From the beginning, food has been a way to change our lives as a community.
Our work is built on the backs of giants who have come before us. They handed down their work through the generations and inspire us to continue the same mission; to make sure that everyone in our community is fed.
“Food for the body is not enough. There must be food for the soul.”
- Dorothy Day
The Beginning
In the late 1970s, The East Side Housing Action Committee (ESHAC) partnered with the St. Casimir Parish to open a distribution site to be a resource for the underserved and undernourished of the community.
St. Casimir Parish was built by the immigrant population fleeing Poland in the 1890s. That generation was called za chlebem (for bread) because they were fleeing from starvation in search of a better life. Relatives and friends crammed together into Riverwest flats to work low-paying jobs in sewers, steel mills, blast furnaces, and meat packing plants. The grandchildren of that za chlebem generation ran Riverwest Food Pantry for decades. As children of the Great Depression they recounted to us the stories of their parents’ corner stores going into debt to make sure no one in the community starved. In that spirit they handed this work on to us.
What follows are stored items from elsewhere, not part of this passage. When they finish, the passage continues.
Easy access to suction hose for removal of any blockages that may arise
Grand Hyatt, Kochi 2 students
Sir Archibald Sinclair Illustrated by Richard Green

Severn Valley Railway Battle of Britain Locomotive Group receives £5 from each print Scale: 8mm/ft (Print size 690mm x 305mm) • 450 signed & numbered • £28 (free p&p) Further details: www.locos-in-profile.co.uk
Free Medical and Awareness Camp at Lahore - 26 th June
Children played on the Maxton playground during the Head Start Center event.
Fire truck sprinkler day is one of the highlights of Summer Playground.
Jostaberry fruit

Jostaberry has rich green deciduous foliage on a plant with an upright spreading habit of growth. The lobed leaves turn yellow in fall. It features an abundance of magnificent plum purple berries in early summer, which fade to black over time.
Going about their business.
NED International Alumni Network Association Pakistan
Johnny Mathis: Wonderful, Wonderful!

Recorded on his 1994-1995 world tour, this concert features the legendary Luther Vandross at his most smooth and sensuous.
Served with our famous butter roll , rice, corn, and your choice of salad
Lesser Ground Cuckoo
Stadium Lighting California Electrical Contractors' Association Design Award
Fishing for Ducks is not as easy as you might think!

In the early 2000’s, teachers at Gaenslen and Fratney Schools recognized hunger among school families and coordinated efforts with St. Casimir Parish and ESHAC to open a second site at Gaenslen for food distribution.
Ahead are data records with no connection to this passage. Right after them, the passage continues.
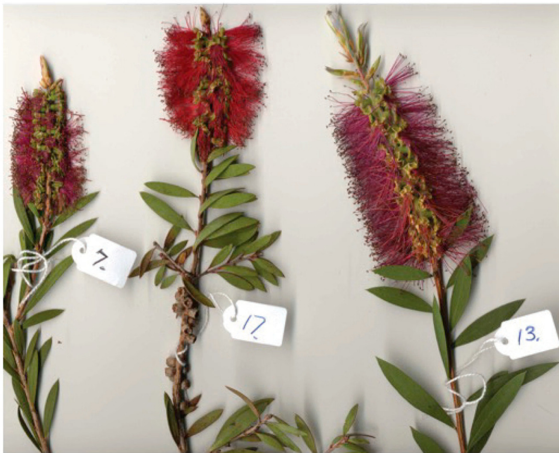
Fig. 4. Comparison of inflorescences and leaves of Callistemon species. Specimen tagged 7 is Callistemon megalongensis with the narrowest inflorescence and narrowest leaves that are also the most pungent-pointed; specimen 17 is C. citrinus with wider inflorescence and wider leaves than C. megalongensis ; specimen 13 is C. purpurascens with the widest and longest inflorescence and leaves.
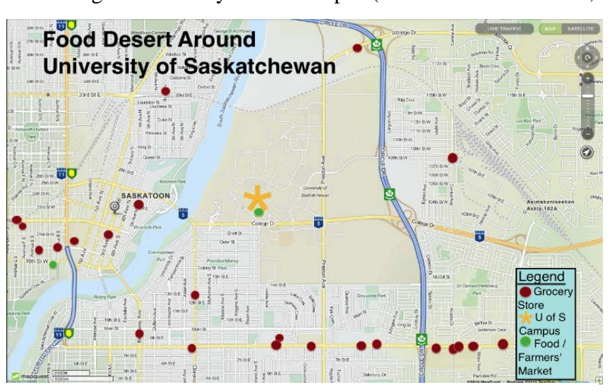
Figure 1- Food Desert present around U of S campus

An article was published earlier this year in the University of Saskatchewan news, addressing food security on our campus (See references – Foster, 2015). The article
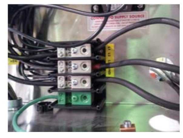
Main distribution block for 44's incoming 3-phase
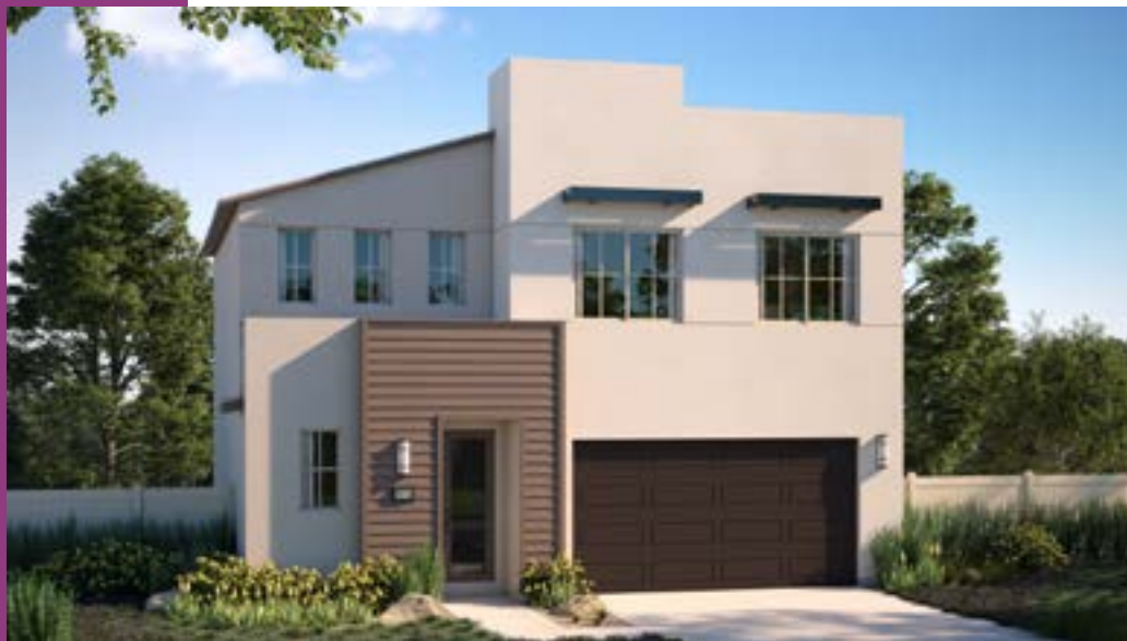
PLAN 1A MODERN SPANISH
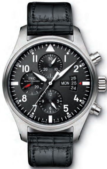
REF. IW377701 in stainless steel with black alligator leather strap
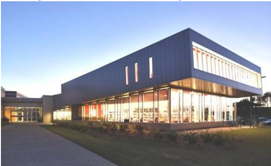
13.5 Vaughan Public Libraries, Pleasant Ridge Branch at night.
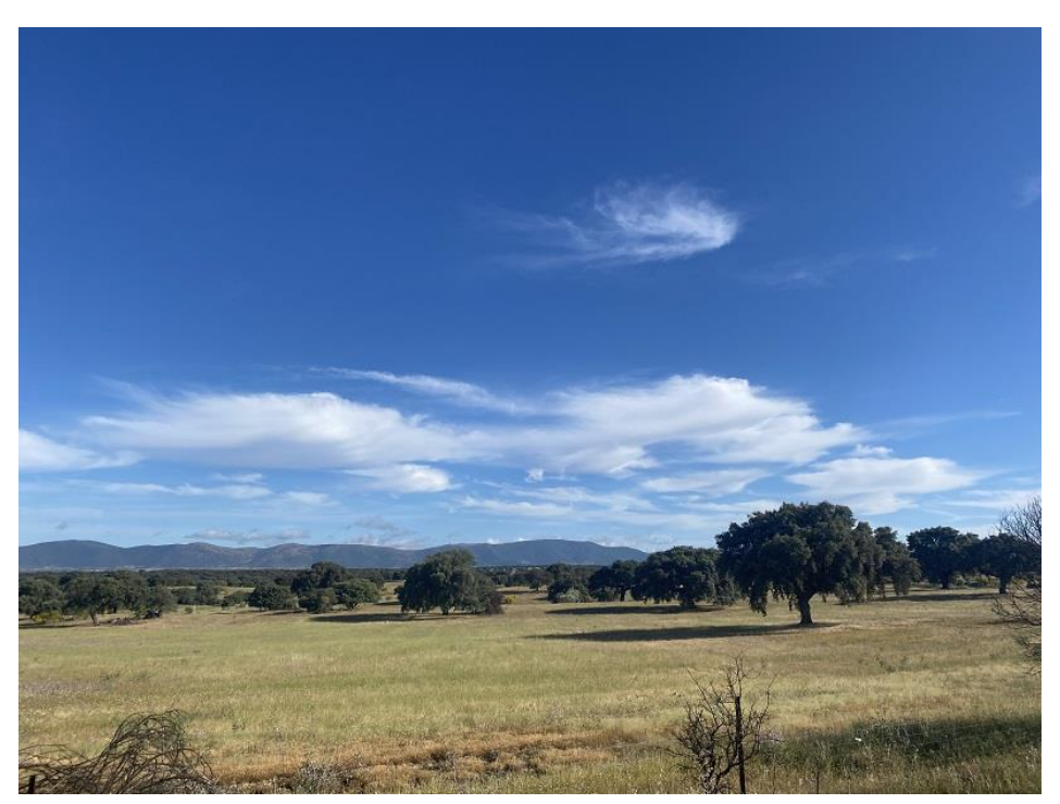
Dehesa near Logrosán

We entered the rice fields area near Madrigalejo where we had a very productive first stop along a road, with fruit orchards on one side and rough pasture with scattered trees on the other. We had superb views of three Black-winged Kites , both perched and in flight. At one time a bird was being mobbed by almost ten Iberian Magpies . We also had superb views of Iberian Grey Shrike . Other species included Little Owl , Hoopoe , Bee-eaters and Sardinian Warbler .
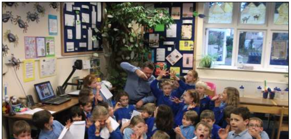
Workshop with a visiting poet

At Key Stage 2 the children continue to read and practice tables and spellings. They have weekly English and Maths tasks and sometimes research activities.
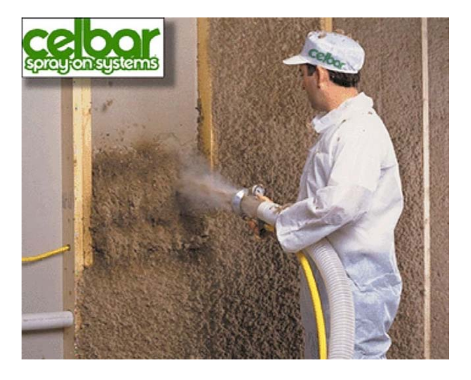
Figure 3 - Sprayed Cellulose Insulation (Celebar International Cellulose, 2010)

The spraying method is very messy though. Windows, doors, and electrical boxes must be protected prior to installation (Fisette, 2005). Also, the fibre that's wasted needs to be cleaned up as the installation process goes along.
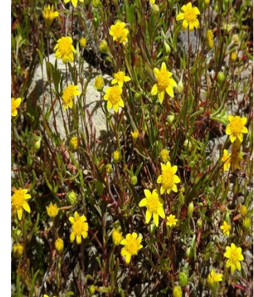
Goldfields Lasthenia californica Sunflower ( Asteraceae ) Grows in big fields of yellow.
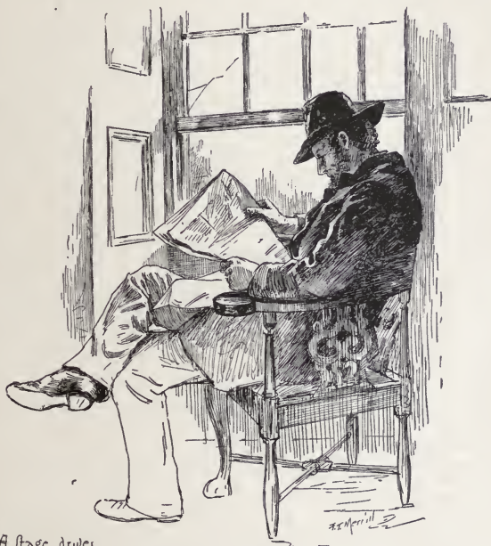
A stage driver

maid, no doubt. In truth, it is desperately hard work, when we attempt to throw the spell of hoar antiquity over localities with which the living world, and the day that is passing over us, have aught to do. Yet, as I glanced at the stately staircase, down
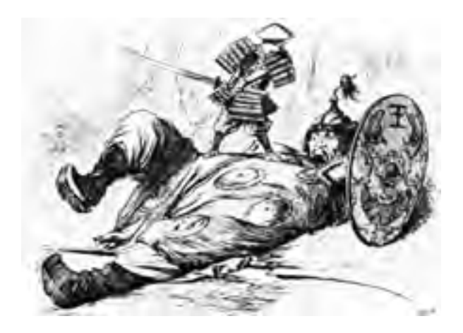
A cartoon published in a British magazine in 1895. It shows a Japanese soldier on top of a Chinese soldier.
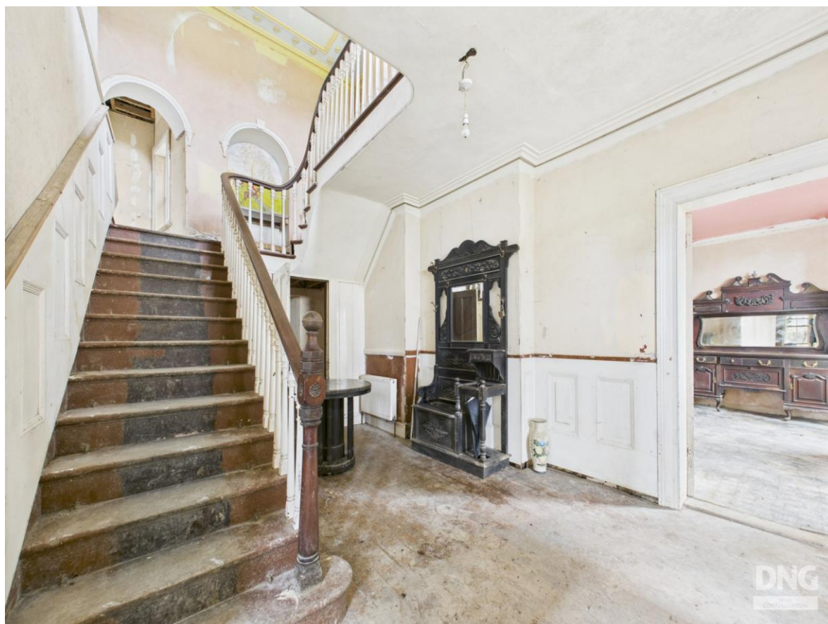
'Frenchlawn House' on c. 85.30 Acres, Frenchlawn, Ballintober, Co. Roscommon. F45 A021

Out of this shared effort, the Riverwest Food Pantry was born.
Evolution
From 1979 to 2012, the Riverwest Food Pantry’s mission was focused on making food available to those in need. Over those years, its volunteers generously served hundreds of thousands in our community.
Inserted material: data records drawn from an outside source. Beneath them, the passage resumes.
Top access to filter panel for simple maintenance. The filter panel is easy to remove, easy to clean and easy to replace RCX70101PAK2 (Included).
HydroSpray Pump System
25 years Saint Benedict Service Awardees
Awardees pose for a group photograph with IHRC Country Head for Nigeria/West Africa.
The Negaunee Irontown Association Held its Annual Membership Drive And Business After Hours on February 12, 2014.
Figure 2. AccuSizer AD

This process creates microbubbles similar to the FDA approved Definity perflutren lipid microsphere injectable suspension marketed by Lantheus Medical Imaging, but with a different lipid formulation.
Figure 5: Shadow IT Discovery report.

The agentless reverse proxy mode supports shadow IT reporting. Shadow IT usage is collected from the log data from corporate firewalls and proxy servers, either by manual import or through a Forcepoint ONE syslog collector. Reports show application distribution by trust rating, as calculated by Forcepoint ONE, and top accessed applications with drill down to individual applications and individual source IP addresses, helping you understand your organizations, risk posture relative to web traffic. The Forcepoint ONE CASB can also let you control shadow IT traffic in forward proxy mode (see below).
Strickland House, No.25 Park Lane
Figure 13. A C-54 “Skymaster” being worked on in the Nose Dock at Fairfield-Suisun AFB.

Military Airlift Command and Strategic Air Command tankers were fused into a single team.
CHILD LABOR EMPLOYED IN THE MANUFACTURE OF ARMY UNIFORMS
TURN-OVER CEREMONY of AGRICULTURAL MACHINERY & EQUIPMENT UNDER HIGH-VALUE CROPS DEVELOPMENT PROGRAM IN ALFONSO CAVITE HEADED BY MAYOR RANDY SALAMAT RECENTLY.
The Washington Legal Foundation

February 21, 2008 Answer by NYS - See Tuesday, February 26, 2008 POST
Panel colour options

In 2013, the Riverwest Food Pantry became a 501(c)(3) non-profit to expand its mission, using food as a means of building community and addressing the wider challenges of health, poverty, and social isolation. People of all backgrounds gathering around food grew into a community where it became harder to tell “who was a shopper and who was a volunteer.” In addition to the food distribution initiatives, programs evolved to include a mission internship, an emphasis on healthful nutrition, food gatherings, crisis assistance and mentoring, and organic produce grown from our community gardens and hoop house farm.
Today
By 2020, the culture and initiatives of the Riverwest Food Pantry had evolved beyond the traditional pantry model. The Riverwest Food Pantry reframed this project to a new “community food center” model, envisioning an evermore holistic and relational approach to addressing hunger in Milwaukee. In 2022, it was renamed the Kinship Community Food Center to better reflect the foundational belief that all transformation starts with relationships.